University of Washington (UW) scientists and engineers are working on a low-cost device that will help pathologists diagnose pancreatic cancer faster. The first-generation device is extremely simple (see photograph). It uses a fluidic transport system to expose a needle biopsy tissue sample to the sequential steps involved in fixing and staining samples for diagnosis. The team presented its initial results at SPIE Photonics West 2014. We spoke with Ronnie Das, a UW postdoctoral researcher in bioengineering and lead author on the related paper (1).
The manufacturing process seems very simple – like making jello in a mold... Yes. It is a very simple process that lends itself to quick fabrication and modification of channel designs. The curved, circular channels are, to our knowledge, the first of their kind, especially as we are transporting large pieces of tissue. Is this strictly speaking microfluidics as noted in the paper? The total volumes of the solid samples we’re dealing with are 0.5-3.0 mm3. To hardcore microfluidics experts this could be considered “macrofluidics” but I’d say it still fits the definition of microfluidics.

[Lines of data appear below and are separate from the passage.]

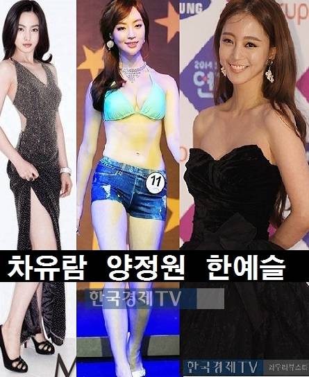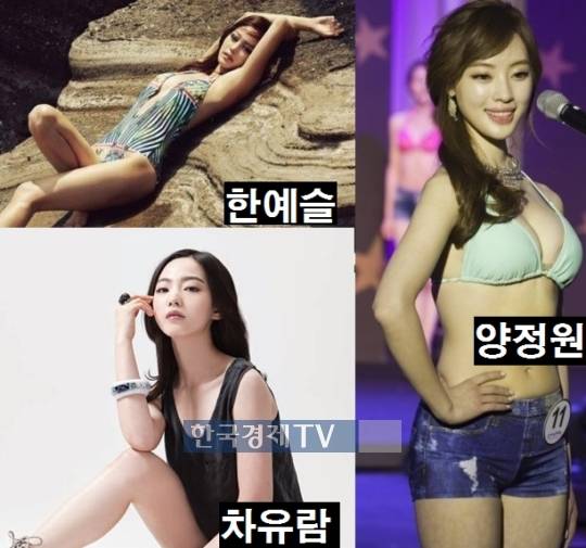 (전현무 열애설 양정원 사진 설명 = 한예슬 비키니 화보 '인스타일' / 차유람 섹시화보 '맥심'/ 양정원 '미스 인터콘티넨탈 참가 당시 사진' 한경DB)
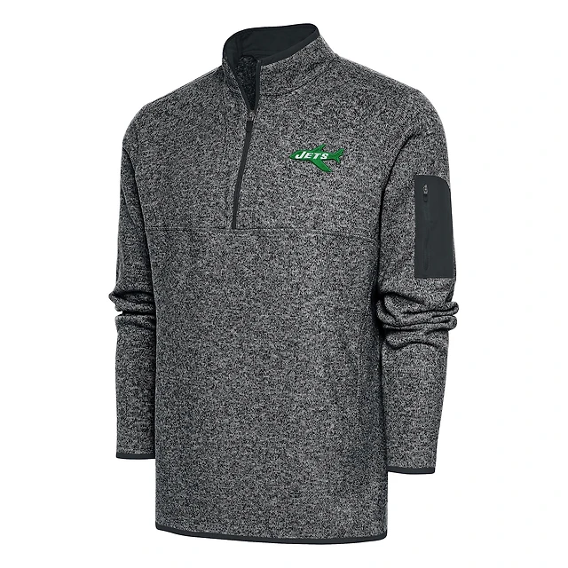 Veste à enfiler quart de zip Antigua Heather Charcoal New York Jets Throwback Fortune pour homme
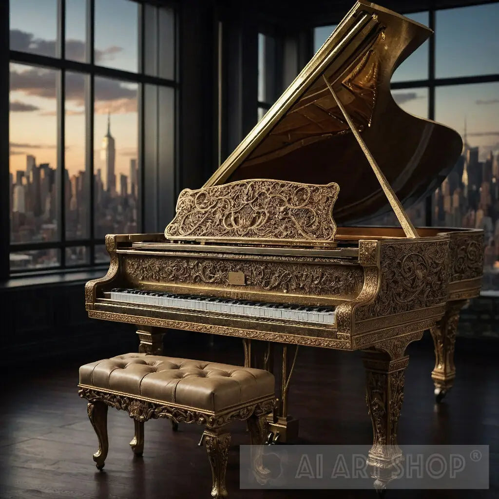 An exquisitely decorated grand piano and matching stool sit in a sunlit room with expansive windows overlooking the city skyline. The piano’s intricate carvings evoke luxury and elegance, while the modern urban view adds a captivating contrast.
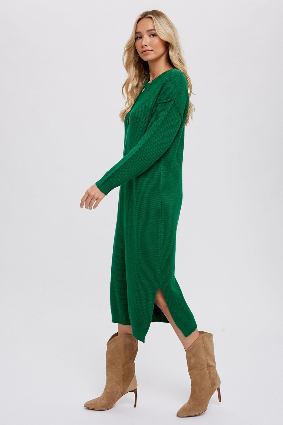 Effortlessly polished with a cozy twist, the Button Front Midi Sweater Dress blends fall-ready comfort with timeless style.
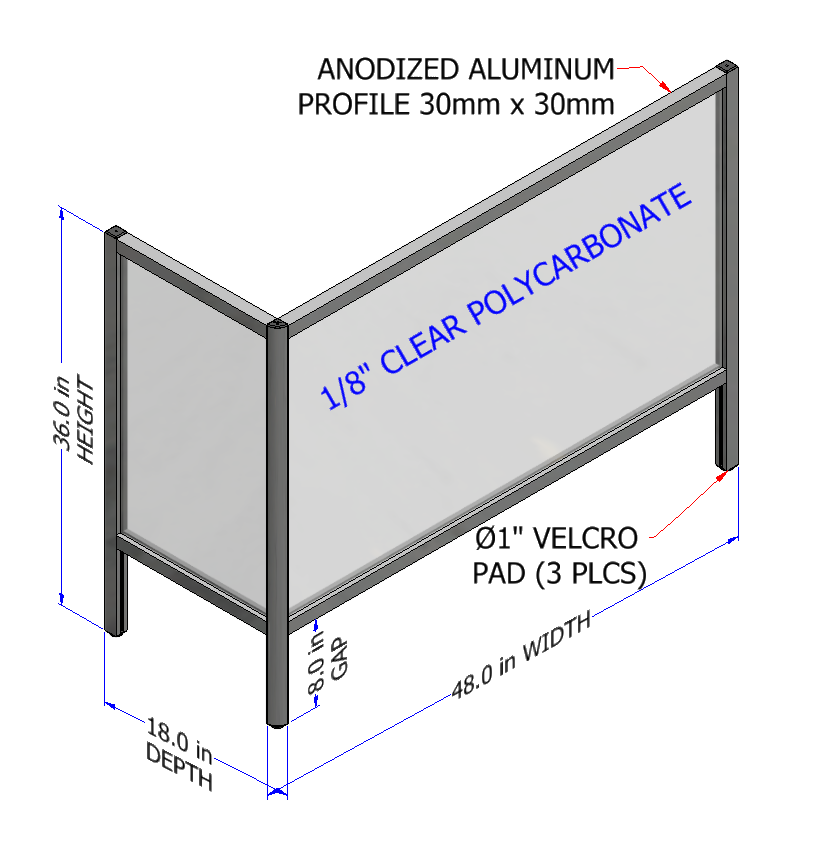 Protect your employees & customers with this sensible, attactive cost effective protective shield. Cost without panels including shipping anywhere in the continental US is $190.00. Cost with panels including shipping and assembly within 45 miles of Rochester, NY is $260. Click here for an order form.DESIGN AM060520-2 |
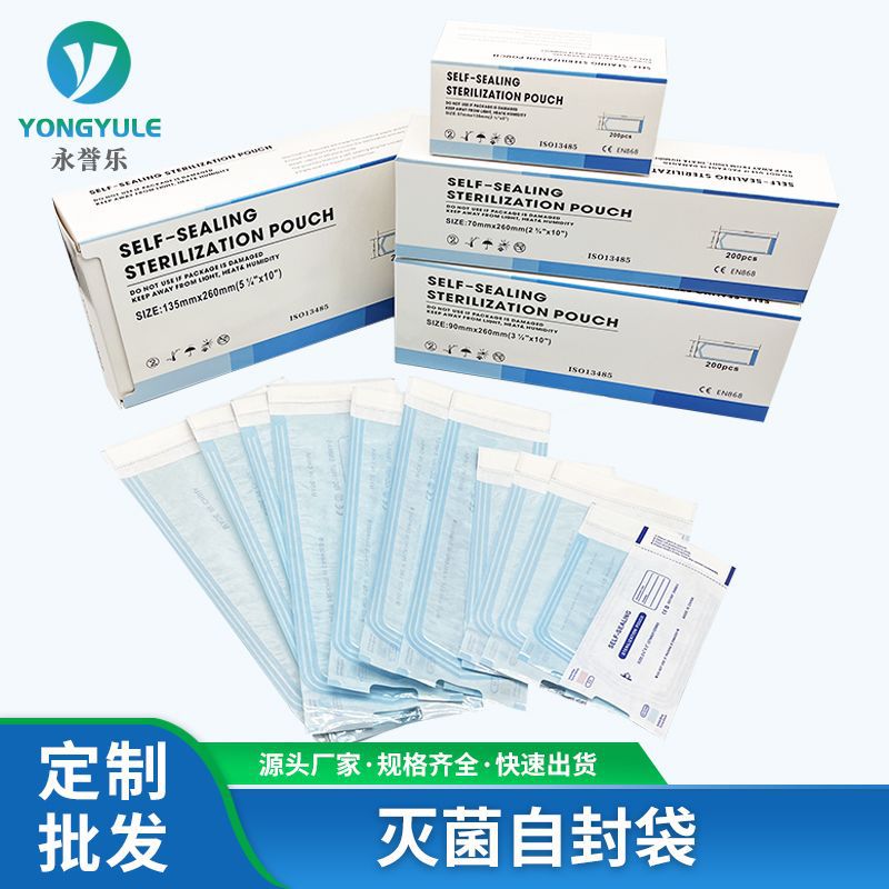 长期稳定现货纸塑袋供应200条每包自粘性灭菌袋/EO/高温蒸汽牙科
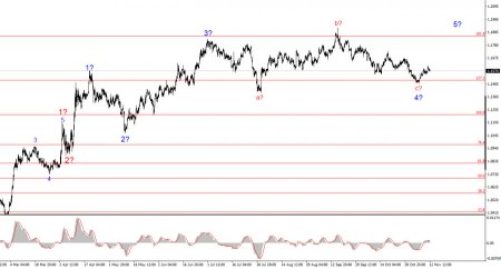 Курс инструмента EUR/USD в течение среды немного снизился. В очередной раз мы сталкиваемся с низкой амплитудой движения и практически полным отсутствием желания у рынка двигаться в любую сторону. Такая картина наблюдается уже несколько месяцев подряд, в течение которых инструмент движется фактически горизонтально, чередуя коррекционные наборы волн. Таким образом, отсутствие движений в среду не выбивается из осенней меланхолии рынка. Особенно, если учесть отсутствие новостного фона. Единственной новостью дня стал индекс потребительских цен в Германии, который по итогам октября составил в финальной оценке 2,3% в годовом исчислении, как и ожидалось, как и в предварительной оценке. Участники рынка на этот отчет даже внимания не обратили. Американский «шатдаун» плавно идет к своему завершению, но и эта информация не слишком беспокоит валютный рынок. Инструмент предположительно начал построение нового повышательного набора волн, но повышение европейской валюты очень слабое, и это очень смущает. Рынок сейчас находится в полной прострации. Он привык принимать решения, отталкиваясь от ключевых американских отчетов. А их нет. Даже если «шатдаун» завершится на этой неделе, Бюро статистики США потребуется некоторое время, чтобы провести опросы, собрать данные и сформировать их в отчеты. О точности этих отчетов и их актуальности говорить уже не приходится, но они могут немного привести рынок в чувство.Общие выводы.
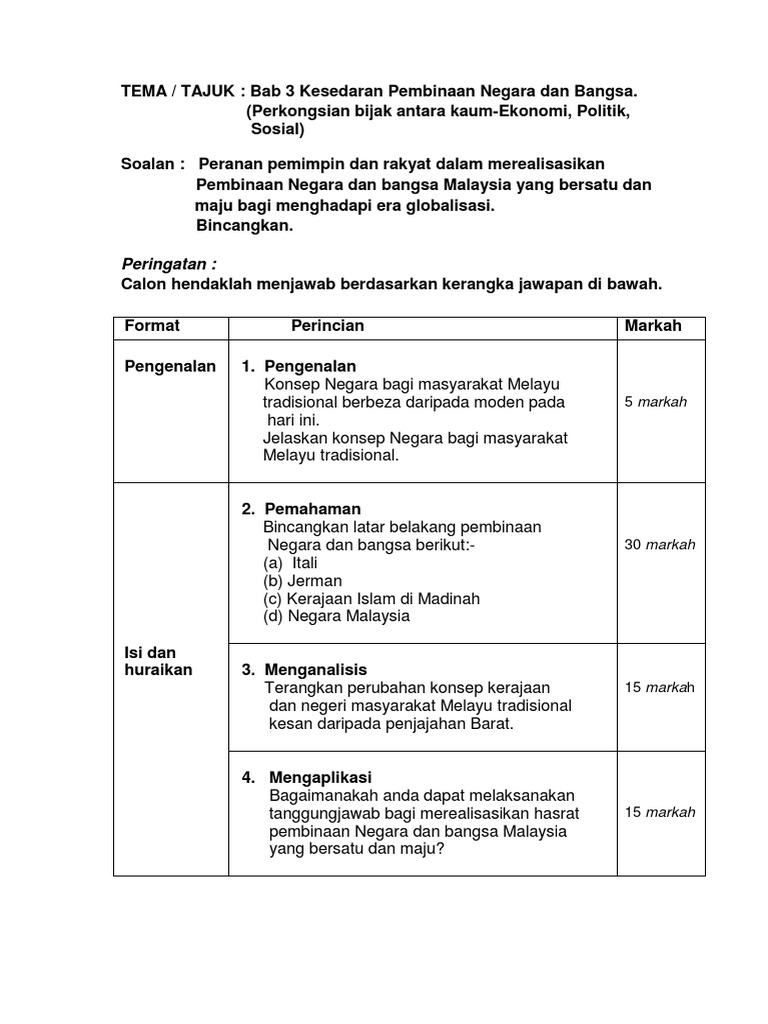 Skema Jawapan Sejarah Kertas 3 Kesedaran Pembinaan Negara Cute766 from i0.wp.com Latar belakang sistem ahli • sistem ahli bertujuan melatih penduduk tempatan dan kaum lain menerajui pentadbiran t. Pemikiran politik dan pembinaan negara bangsa: Latar belakang pembinaan negara dan bangsa di negara kita sebelum dan selepas. Latar belakang yang baik adalah yang disusun dengan sejelas mungkin dan bila perlu disertai dengan data atau fakta yang mendukung. Merupakan peribahasa untuk menanam pegangan pemerkasaan bahasa melayu dalam pembinaan sahsiah dan jati diri negara bangsa malaysia. Video menayangkan pembelajaran sejarah tingkatan 5 bab 3 dalam bentuk anime. Melalui bahasa kebangsaan, budaya kebangsaan dan rukun negara. 3.1 latar belakang pembinaan negara dan bangsa.
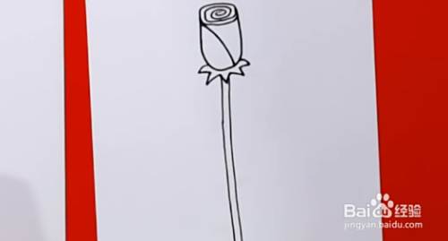 5,下面再画两个长竖杠为玫瑰花的茎。

What steps are you trying to replicate? For now, we are trying to replicate in a precise, reproducible fashion the very basic steps of pathology, which are chemical fixation of the tissue, staining of the tissue with a histological dye, and optically clearing the biospecimen. How will the device be coupled to imaging? Currently, we are attempting to flow tissue from the device to the 3D imaging platform. Future designs under consideration will incorporate onboard optics or even include an interface for smart phone cameras to collect imaging data. How far away is a fully working prototype? This current design is rudimentary and proof-of-concept. Humbly, I believe with sufficient resources that a fully working prototype could be developed in a year or two. But perhaps my lab director may have a more accurate time line!
What challenges do you foresee along the way? The actual cancer diagnosis. Sure, the technology is great, but ultimately we are servicing medical doctors, pathologists and clinical professionals, who make the the hard call. The challenge is simple: our device must be able to reproduce exactly what pathologists are used to seeing on a daily basis, by matching or emulating the traditional processes that have been established for nearly half a century. Have you identified other potential applications? On a strictly brainstorming level, large tissue sample processing could be employed for a variety of cancers, and in other areas of pathology. For now, we are focusing on pancreatic cancer because it is such a terrible disease; helping these patients in any way is a win.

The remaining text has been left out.